We make a backward() call on the leaf variable(y) in the computation, computing all the gradients of `y` at once.

In [13]:
def f(x):
    return (x - 2) ** 2


def fp(x):
    return 2 * (x - 2)


x = torch.tensor([1.0], requires_grad=True)

y = f(x)
y.backward()

print(f'Analytical f\'(x): {fp(x)}')
print(f'PyTorch\'s f\'(x): {x.grad}')

Analytical f'(x): tensor([-2.], grad_fn=<MulBackward0>)
PyTorch's f'(x): tensor([-2.])


It can also find gradients of functions.

Let $\omega = [\omega_1, \omega_2]^T$

Consider $g(\omega) = 2\omega_1\omega_2 + \omega_2 \cos(\omega_1)$

Q: Compute $\nabla_{\omega}g(\omega) and verify \nabla_{\omega}g([\pi, 1]) = [2, \pi - 1]^T$

In [28]:
def g(w):
    return 2 * w[0] * w[1] + w[1] * torch.cos(w[0])


def grad_g(w):
    return torch.tensor([2 * w[1] - w[1] * torch.sin(w[0]), 2 * w[0] + torch.cos(w[0])])

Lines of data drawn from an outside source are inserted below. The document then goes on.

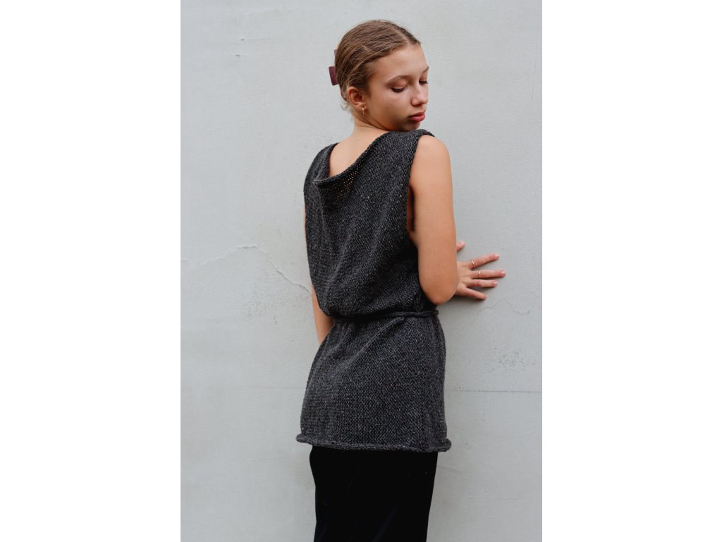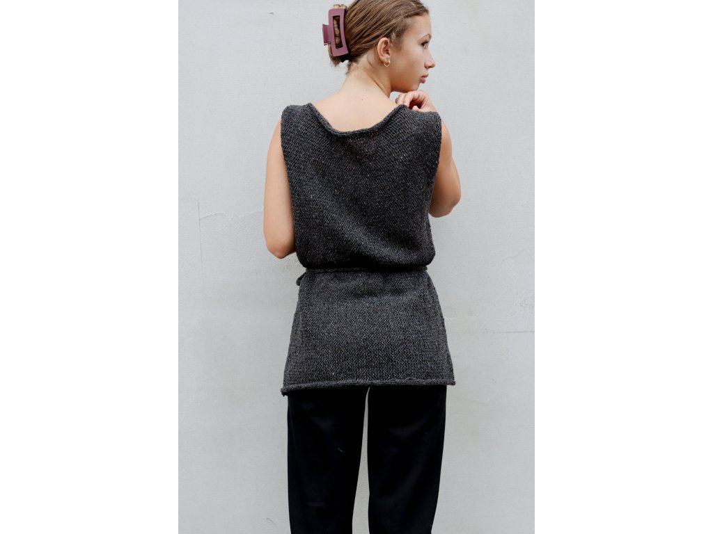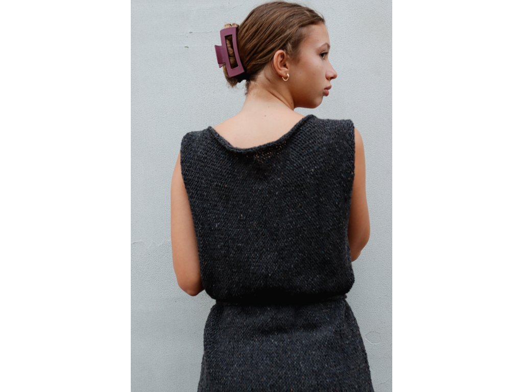 Vesta je upletená z nádherné tvídové příze složením 50% vlna, 25% alpaka a 25% viskóza. Je hřejivá, lehká a přírodního vzhledu. Dá se nosit na triko, rolák, šaty, nebo přímo na tělo.
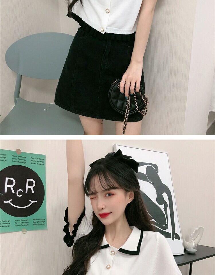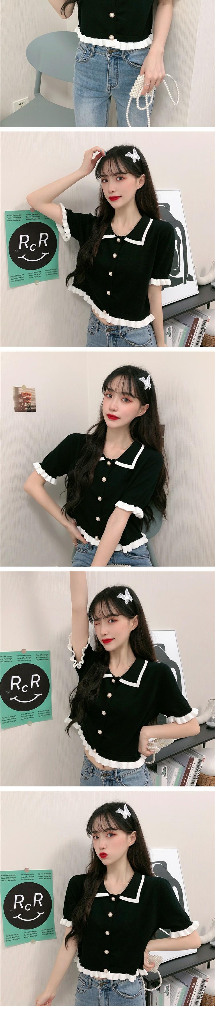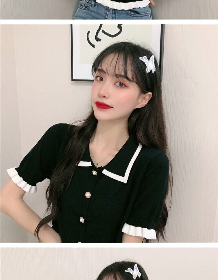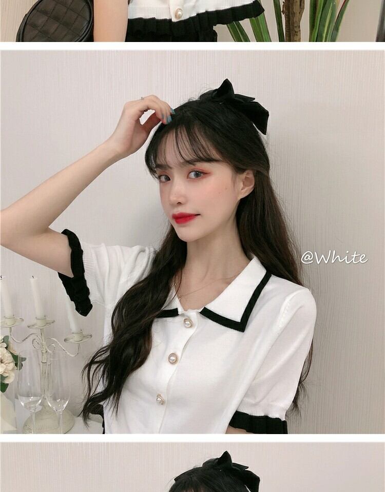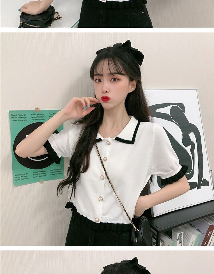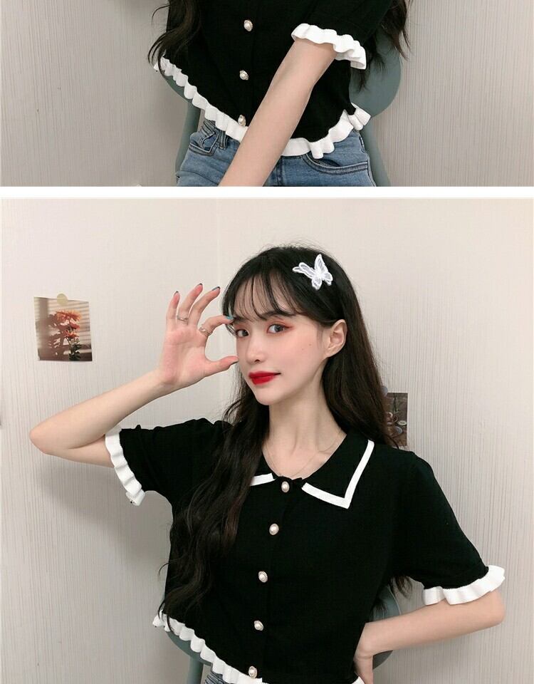 カラーパールバックルニットショートTシャツ サマー薄手トップス 夏物 真珠 萌量不足63233002086
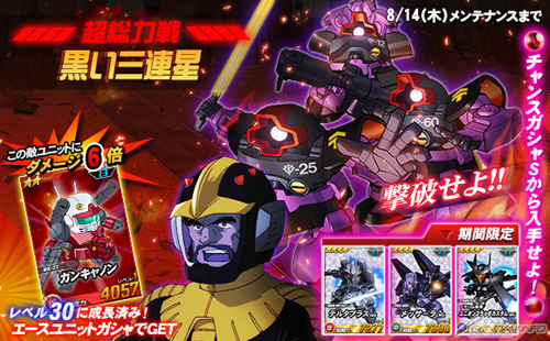 また、エースユニットガシャには、「黒い三連星」に対し6倍の攻撃力を発揮する「★2 ガンキャノン」が追加される。
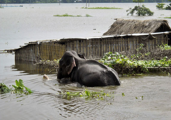 During the floods, the animals, particularly one-horned rhinos, stray outside the park. The rhinos and other animals normally go towards the Karbi Anglong Hills looking for higher grounds.
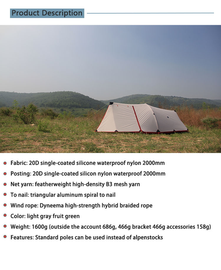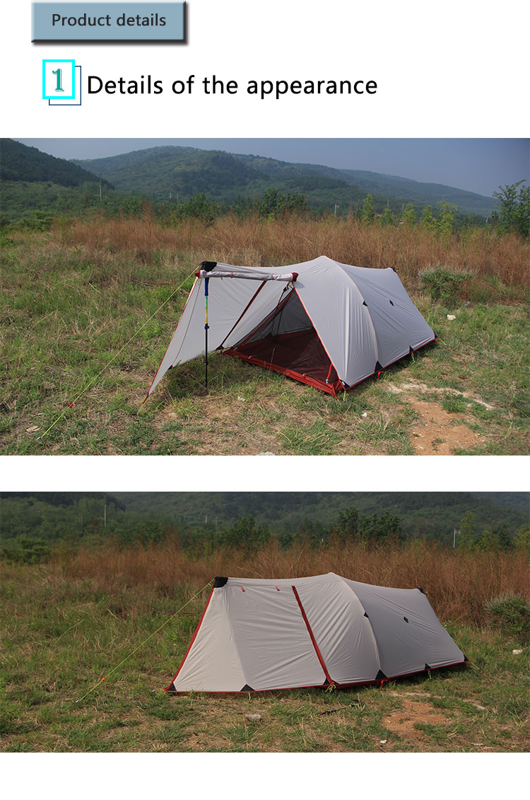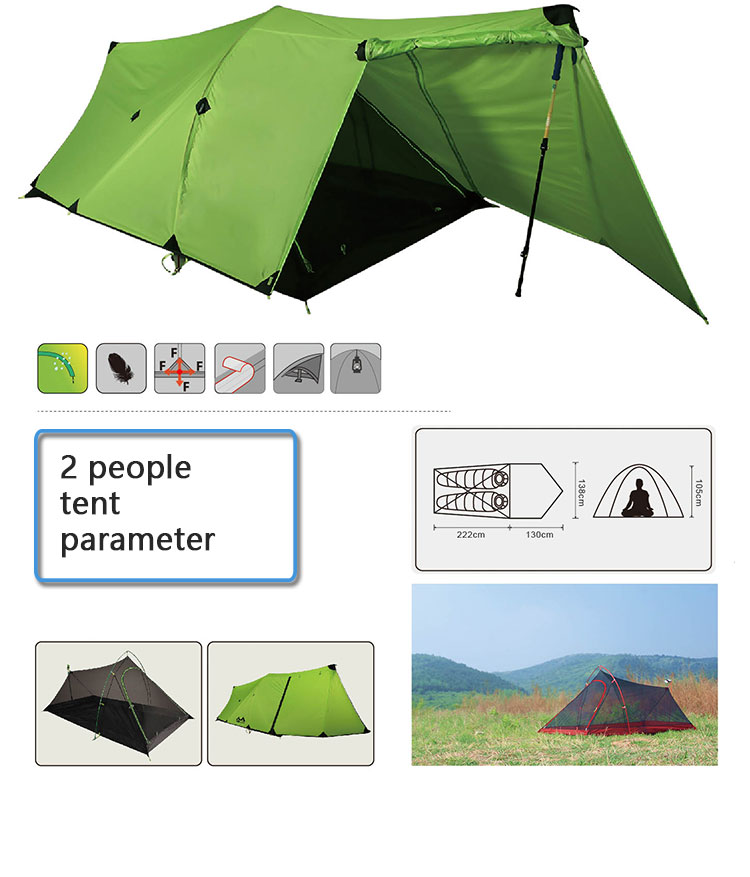 Ultralight 2 Person Camping Tent Outdoor Usage: Outdoor Camping Hiking Travelling Feature: Quick Automatic Opening,Water Proof, rainproof and windproof,Ultralight Pole: Aluminium Alloy Material: 20D R/S nylon Size: 138*(222+130)*105cm Weight: 3.2kg MOQ: 1 Piece Floor: 210D Oxford cloth
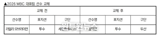 (원투원뉴스) KBO 전력강화위원회는 부상으로 인해 WBC 참가가 어려워진 세인트루이스 라일리 오브라이언을 대체할 선수로 두산 김택연을 확정하고 WBC 조직위에 선수 교체 승인을 요청했다.
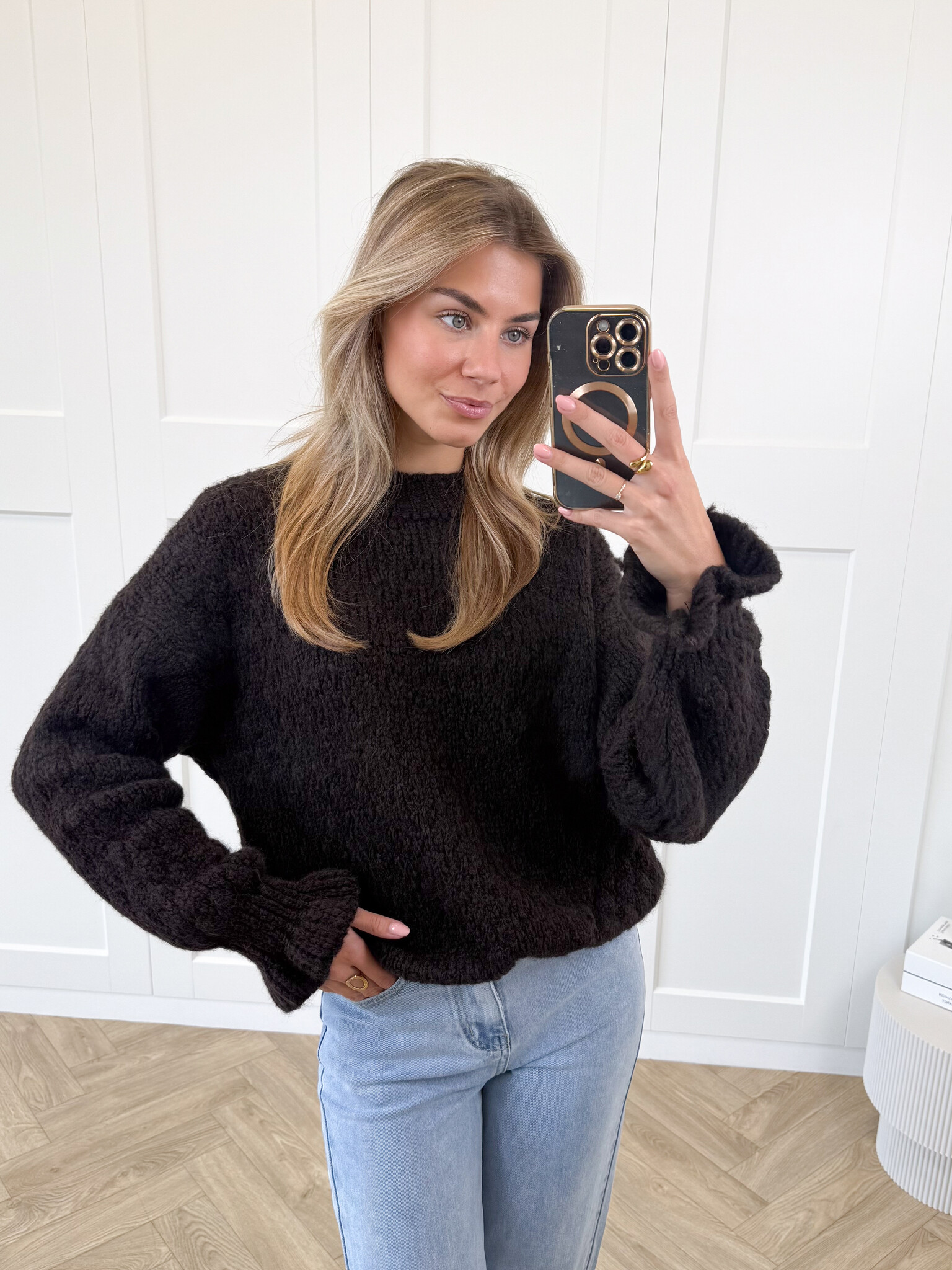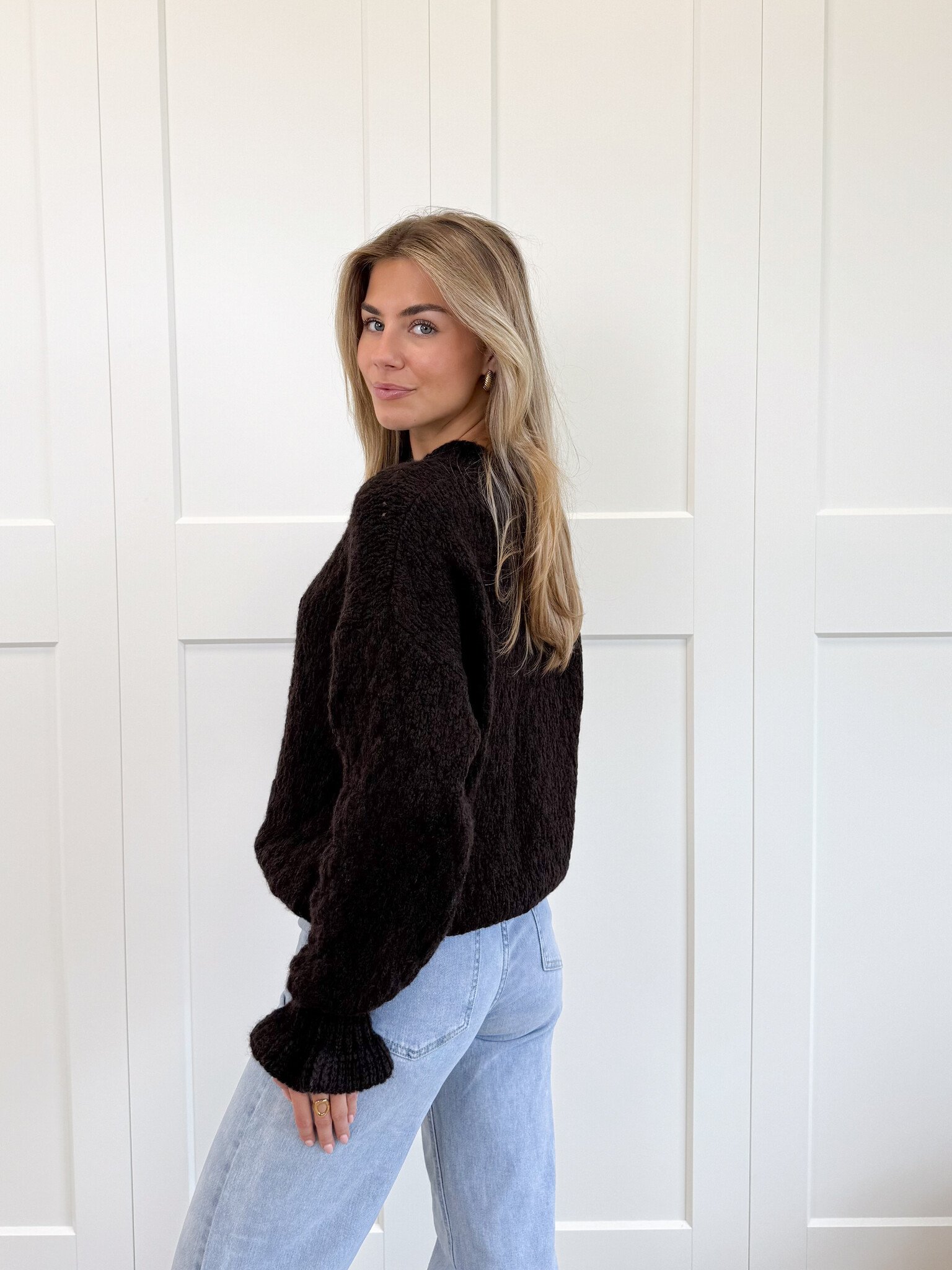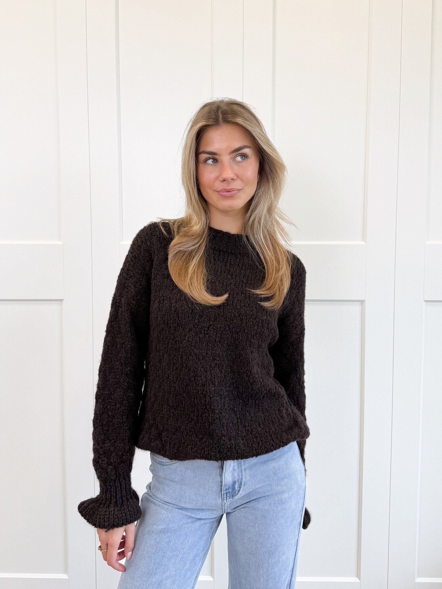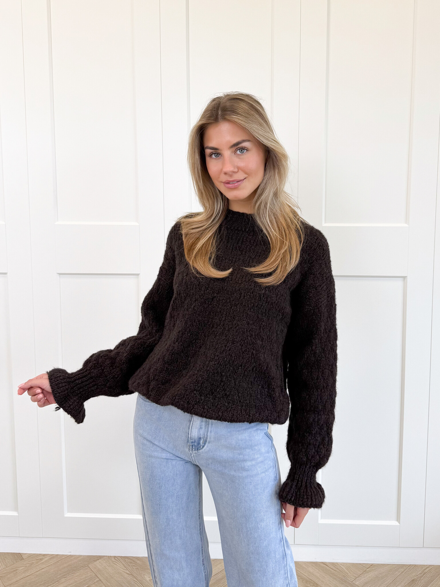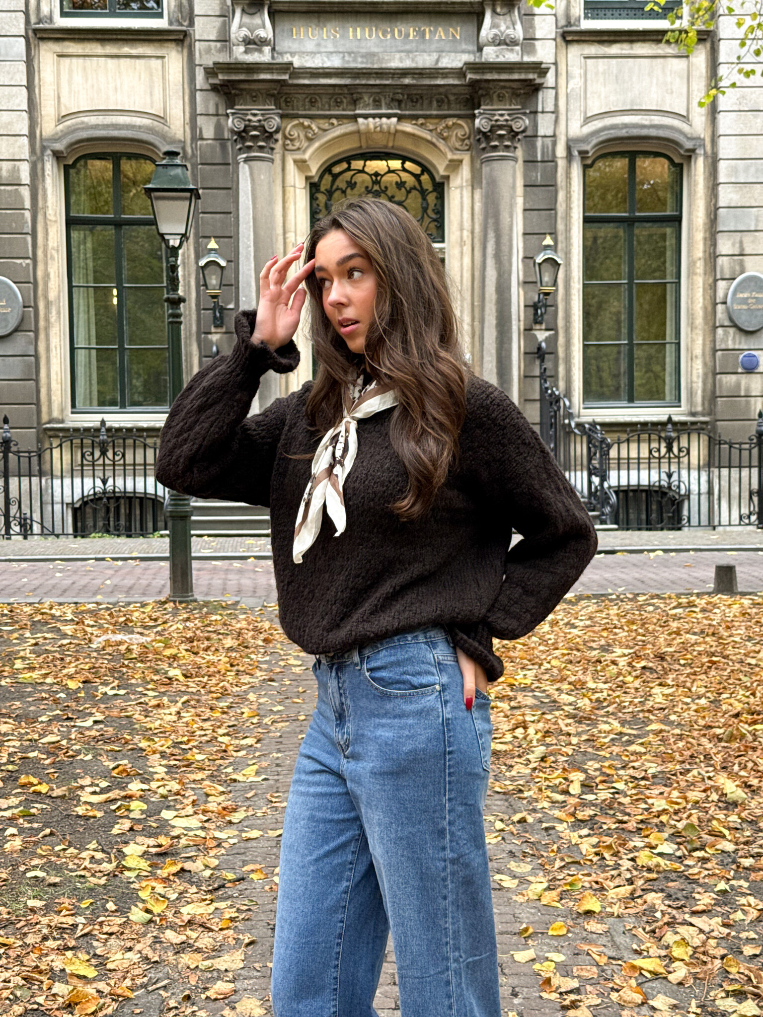 Deze bruine wollen trui is hét item dat je wilt dragen zodra het kouder wordt. De zachte trui voelt heerlijk warm aan en geeft je direct dat cozy gevoel. De relaxte fit zorgt voor een nonchalante, maar toch stijlvolle uitstraling. De bruine tint is tijdloos en makkelijk de combineren met een leuke jeans of een leuk rokje. De trui heeft een subtiele structuur die hem net dat beetje extra geeft. Kortom, alles wat je zoekt in een perfecte trui!
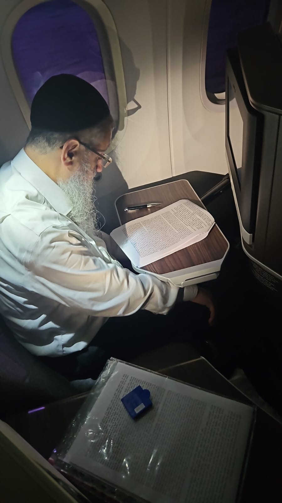ניסיתי לגשת לקבל ברכה או לשאול שאלה בהלכה, אך לא היה שייך כלל מכיוון שהרב היה שקוע עמוק בכל מהלך הטיסה הארוכה בתוך תכריך כתביו להגהת הספר, ככל הנראה הכרך ה-21 שיצא בזמן הקרוב.

w = torch.tensor([np.pi, 1], requires_grad=True)

z = g(w)
z.backward()

print(f'Analytical grad g(w): {grad_g(w)}')
print(f'Pytorch\s grad(w): {w.grad}')

Analytical grad g(w): tensor([2.0000, 5.2832])
Pytorch\s grad(w): tensor([2.0000, 5.2832])


## Using the gradients

Now that we have gradients, we can use our favorite optimization algorithm, gradient descent!

Let $f% the same function we defined above.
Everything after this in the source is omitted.